Ali Arezki, P-dg de l’Entreprise du métro d’Alger (EMA) : «La vie sociale a complètement changé»

Même si l’activité du métro d’Alger n’a pas encore repris, depuis plus d’une année à l’arrêt, néanmoins, Ali Arezki, P-dg de l’Entreprise du métro d’Alger (EMA) garde son tonus et continue de travailler, avec le respect total des gestes barrières. Il parle de son quotidien durant ce mois sacré. 

 

Depuis l’avènement de la crise sanitaire, le mois de Ramadhan a-t-il une autre saveur pour vous ?
Il est clair comme l’eau que le mois de Ramadhan est différent des précédentes années. On n’a plus la même ambiance. Dans le passé, on le célébrait avec faste et ferveur. On se rassemblait, on partageait des moments empreints de joie et de bonheur. Actuellement, avec la situation sanitaire, on devient prudent, on limite ses sorties, on évite les lieux publics bondés et les rassemblements, on fait moins de courses, on évite les visites familiales. En gros, beaucoup de choses ont changé, même nos traditions et nos comportements ont changé. À vrai dire, c’est une situation sanitaire qui fait craindre. On a peur pour nos familles. On a peur d’être contaminé, de contaminer nos proches. On veille à être vigilant et prudent. La vie sociale a complètement changé.
Le confinement et la propagation rapide du virus affectent-ils vos habitudes en ce mois sacré ?

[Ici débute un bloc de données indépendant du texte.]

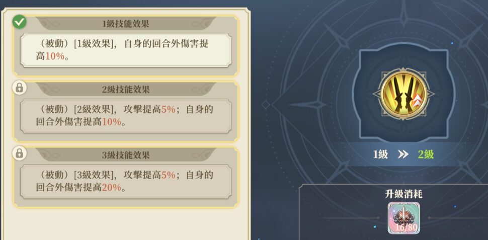 (パッシブ)[Lv3効果]攻撃+5%、自身のターン外ダメージ+20%。

Bien évidemment, la situation sanitaire a affecté nos habitudes eton les a changé complètement. Ce qui a changé pour moi, ce sont les liens sociaux et familiaux. Durant les précédentes années, on passait le mois sacré en famille et on recevait des amis. Ce n’est plus le cas aujourd’hui car on a bannit ce genre de traditions.
Êtes-vous plus rentable quand vous faites carême où votre tonus diminue ?

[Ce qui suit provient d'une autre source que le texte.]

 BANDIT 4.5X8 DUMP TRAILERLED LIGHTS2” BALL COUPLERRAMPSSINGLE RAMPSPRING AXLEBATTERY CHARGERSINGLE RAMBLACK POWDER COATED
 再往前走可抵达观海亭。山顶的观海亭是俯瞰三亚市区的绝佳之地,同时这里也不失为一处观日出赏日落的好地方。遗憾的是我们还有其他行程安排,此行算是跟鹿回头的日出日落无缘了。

Je suis foncièrement productif durant le jeûne. Je suis nettement plus rentable. Je préfère travailler pour passer le temps. Je passe les trois quarts de mon temps au travail. Même si le métro est à l’arrêt, nous continuons à faire quotidiennement des roulages  à vide pour maintenir tous les systèmes en fonctionnement.
Avez-vous de nouvelles habitudes durant le mois de Ramadhan ?
Il est connu que dans l’esprit du musulman, c’est de multiplier les actions de bienfaisance et de charité. Comme tout citoyen musulman algérien, j’essaye d’aider mon entourage. Je ne vais pas dévoiler mes actions car c’est une action individuelle. Durant ce mois sacré, on devient plus solidaire que les autres mois de l’année.